Driving Results For Consultants & System Integrators
The Awesense Energy Transition Platform, leveraging our AI Data Engine & Sandbox Development Environment, makes working with data easy for consultants and system integrators. We provide the foundational digital layer to build data-focused algorithms quickly, geospatial analytics, use cases, and grid edge applications so you can address your utility client-specific needs.
Work With Data Easily
The Awesense AI Data Engine takes care of the data preparation, using powerful algorithms to rapidly cleanse data to high accuracy with new validation, estimation and error correction (VEE) capabilities resulting in a standard data format.
The AI Data Engine easily creates comprehensive reports for your clients so that you can show
them the number, types and locations of errors found and any corrections suggested or
automatically applied to progress your projects to the next level.
White-label these reports to maintain your brand.
Energy Transition Platform
Expand Service Offerings
Our cloud-based Energy Transition Platform lets you hit the ground running, addressing utility pain points.
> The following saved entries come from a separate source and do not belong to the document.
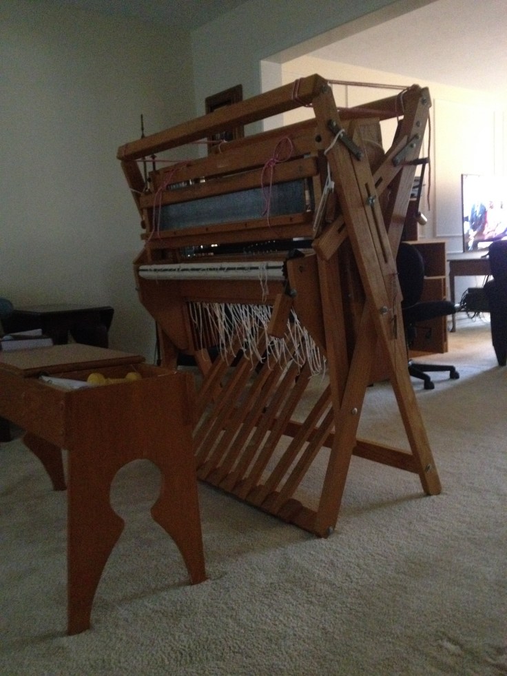 It’s hard to weave when your loom is folded up. The loom is waiting to be moved out of the room while the carpet padding is replaced. Then the existing carpet will be re-laid and cleaned. It has been a very unproductive time.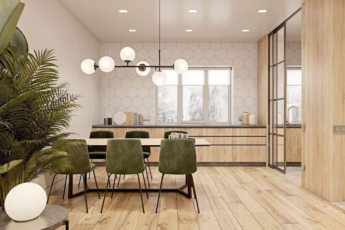 - Открытая планировка – дабы расширить пространство, кухня, например, объединяется с гостиной;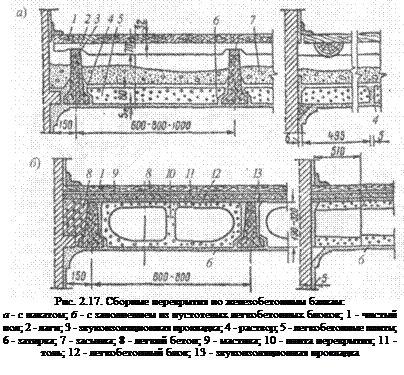 Железобетонные перекрытия. Главнейшими преимуществами железобетонных перекрытий являются их долговечность, прочность и несгораемость. Железобетонные перекрытия разделяют на монолитные, т.е. изготовляемые на месте строительства, и сборные - из элементов заводского изготовления (рис. 2.17).

The AI Data Engine component speeds up data integration and reduces it from once-per-use-case to multiple-use-cases. The sandbox environment and APIs speed up test, development, and deployment upwards of 90%. The APIs allow easy integration with your clients’ BI tools of choice or data analysis tools.
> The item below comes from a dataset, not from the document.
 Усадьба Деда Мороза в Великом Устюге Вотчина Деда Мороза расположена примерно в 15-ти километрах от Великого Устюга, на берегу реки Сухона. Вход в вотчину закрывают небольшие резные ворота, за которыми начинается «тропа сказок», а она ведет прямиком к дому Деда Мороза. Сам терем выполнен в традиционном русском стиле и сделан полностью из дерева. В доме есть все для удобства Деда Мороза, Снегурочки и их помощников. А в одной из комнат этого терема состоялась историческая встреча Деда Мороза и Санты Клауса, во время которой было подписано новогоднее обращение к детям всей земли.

It’s a fact that software margins are higher than service margins. Much higher. Expand offerings with analytics solutions that complement strategy, advisory, data integration, and other services, including developing analytics and Use Cases parallel with data integration.
Accelerate time-to-value and reduce client integration time with algorithmic data cleansing and integration. Focus your team on high-value data insights, and leave the headache of data work to Awesense algorithms.
Put your clients on a path to real-time situational awareness in their grid and help them ensure operational efficiency by reducing data errors to optimize the financial performance of assets.